Your output should be exactly the lines from the one containing "2 - أن سجود" through the final line of the records, both included, with every picture left out.
----
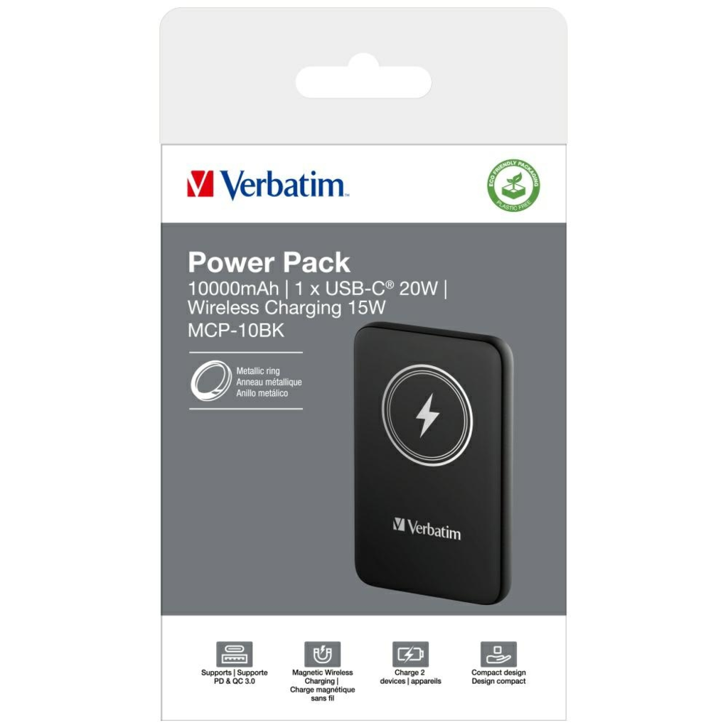 A Verbatim Charge'n'Go Vezeték nélküli Powerbank a sokoldalúságra és kényelemre tervezett eszköz, amely tökéletes a mindennapi használatra. 15W mágneses vezeték nélküli töltési lehetőséggel és PD20W technológiával gyors és hatékony töltést biztosít különféle eszközök számára. A mágneses rögzítés lehetővé teszi, hogy könnyedén csatlakoztassa a telefonjához, ezzel biztosítva a vezeték nélküli töltést útközben. A power bank kompakt és könnyű kialakítása megkönnyíti, hogy zsebében vagy táskájában hordozza, biztosítva ezzel a mobilitást és a használat kényelmét.
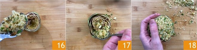 Take the artichokes and gently tap them on a cloth to remove excess water and dry them. Stuff them with the breadcrumb mixture, being generous in the center 16 and then proceed by spreading the outer petals and stuffing them as well 17. Finally, press the mixture well with your hands to return the artichoke to its rounded shape 18.
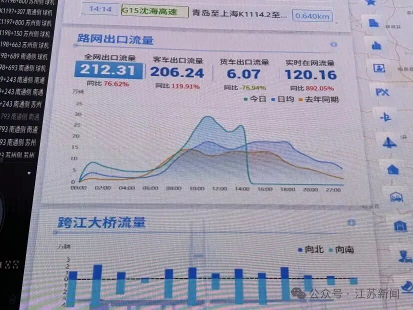 截至2月22日14时,全省高速公路联网出口流量205.17万辆,全省共13条路段和2座跨江大桥出现车多缓行,包括G2京沪高速淮安、宿迁、扬州段,G25长深高速连云港、无锡、淮安段,G15沈海高速连云港、苏州、盐城、南通段,S35阜溧高速泰州段,G1515盐靖高速泰州段,S49新扬高速宿迁、淮安、扬州段由北往南方向;G42沪蓉高速镇江、常州段,G36宁洛高速南京段,G1516盐洛高速淮安段,G30连霍高速徐州段,G4221沪武高速南京、常州段,G2513淮徐高速宿迁段,G3京台高速徐州段由西往东方向;苏通大桥、江阴大桥由北往南方向。
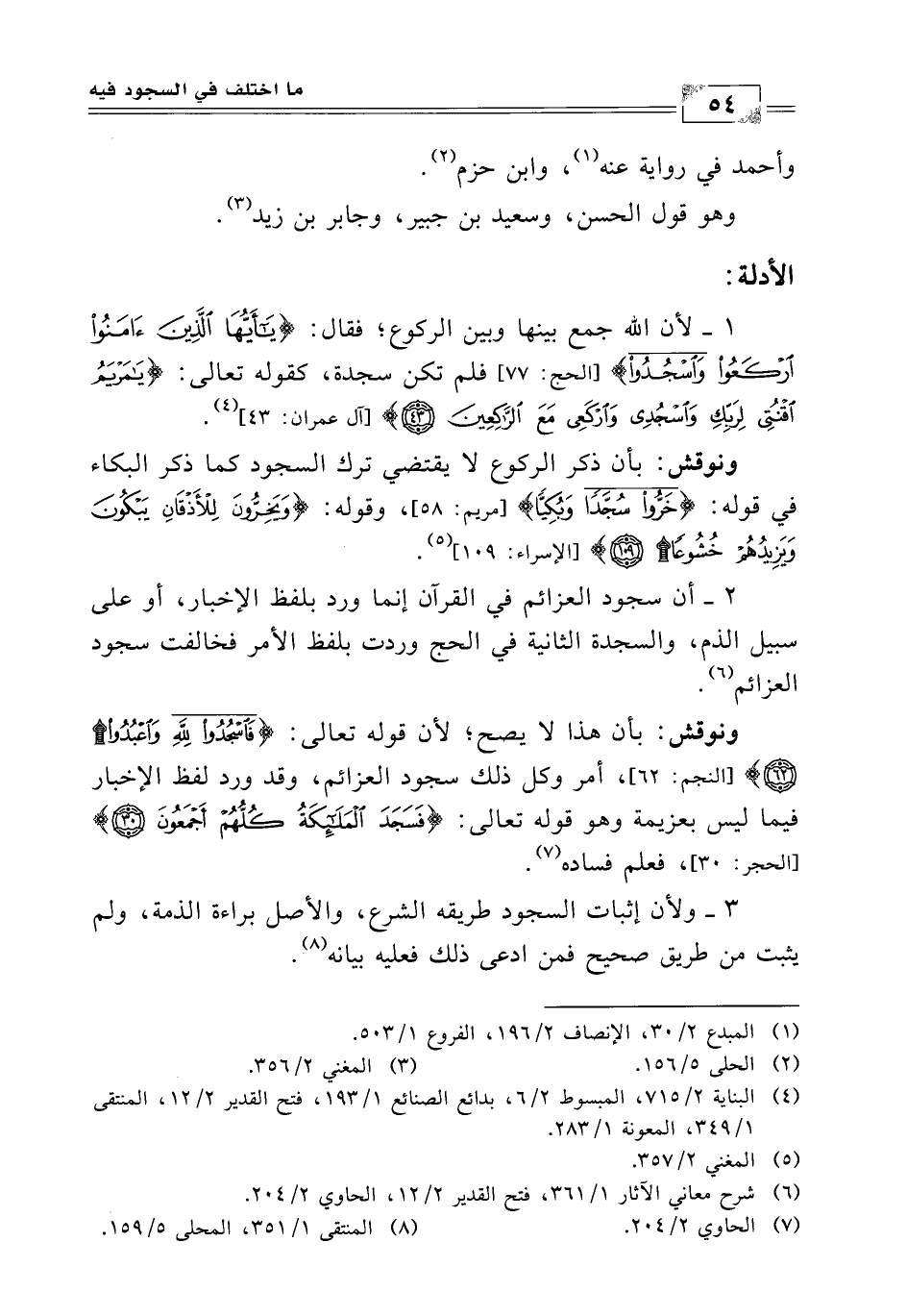 2 - أن سجود العزائم في القرآن إنما ورد بلفظ الإخبار، أو على سبيل الذم، والسجدة الثانية في الحج وردت بلفظ الأمر فخالفت سجود العزائم (¬6).
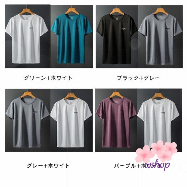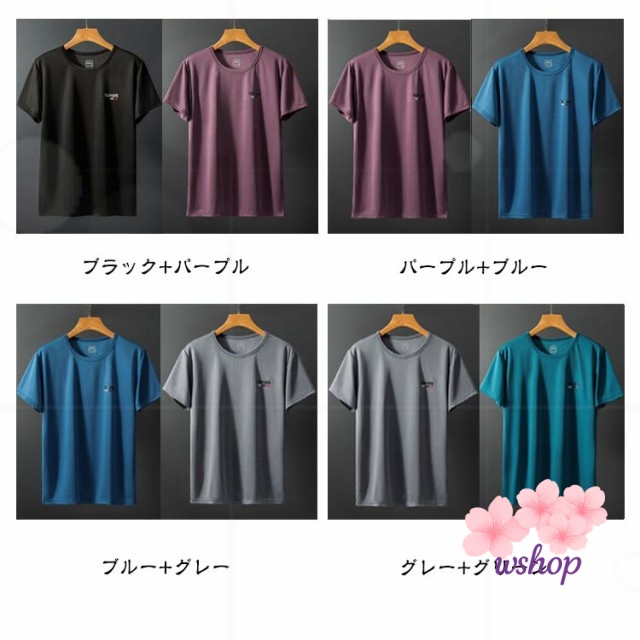 【wshop】ドライ tシャツ アウトドア 吸汗速乾 スポーツ ゴルフウェア 2枚セット! 速乾 夏服 カットソー 吸水 スポーツウェア メンズ シンプル 大きいサイズ インナー トップス 男女兼用 クルーネック レディース 接触冷感 トレーニング 半袖 ランニング
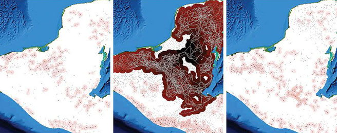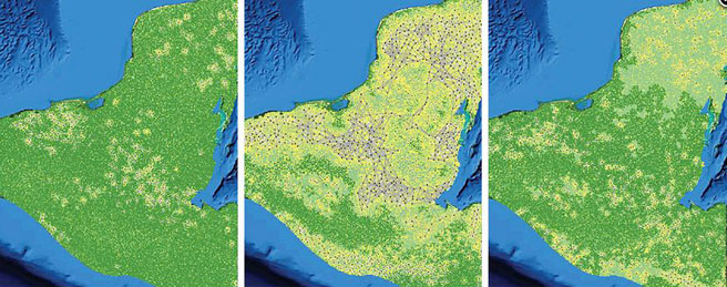 Le modèle, tel que l’ont développé Scott Heckbert et son équipe du Alberta Innovates Technology Futures [2], est composé d’une population dont la démographie varie avec le temps, et de cellules qui découpent la région considérée – forêts, terres agricoles ou cités – et représentent les différents lieux où les individus s’établissent. Ces cellules sont connectées entre elles par des liens commerciaux et finissent par constituer un réseau d’échange. Au cours de leur évolution, chacune des cellules est caractérisée par ses conditions climatiques, le pourcentage de couvert forestier et la qualité de ses sols. Ce modèle a été appliqué à la civilisation Maya, d’où son nom, « MayaSim » [2].
----
__RESULT OF THE TASK__.
 2 - أن سجود العزائم في القرآن إنما ورد بلفظ الإخبار، أو على سبيل الذم، والسجدة الثانية في الحج وردت بلفظ الأمر فخالفت سجود العزائم (¬6).
 【wshop】ドライ tシャツ アウトドア 吸汗速乾 スポーツ ゴルフウェア 2枚セット! 速乾 夏服 カットソー 吸水 スポーツウェア メンズ シンプル 大きいサイズ インナー トップス 男女兼用 クルーネック レディース 接触冷感 トレーニング 半袖 ランニング
 Le modèle, tel que l’ont développé Scott Heckbert et son équipe du Alberta Innovates Technology Futures [2], est composé d’une population dont la démographie varie avec le temps, et de cellules qui découpent la région considérée – forêts, terres agricoles ou cités – et représentent les différents lieux où les individus s’établissent. Ces cellules sont connectées entre elles par des liens commerciaux et finissent par constituer un réseau d’échange. Au cours de leur évolution, chacune des cellules est caractérisée par ses conditions climatiques, le pourcentage de couvert forestier et la qualité de ses sols. Ce modèle a été appliqué à la civilisation Maya, d’où son nom, « MayaSim » [2].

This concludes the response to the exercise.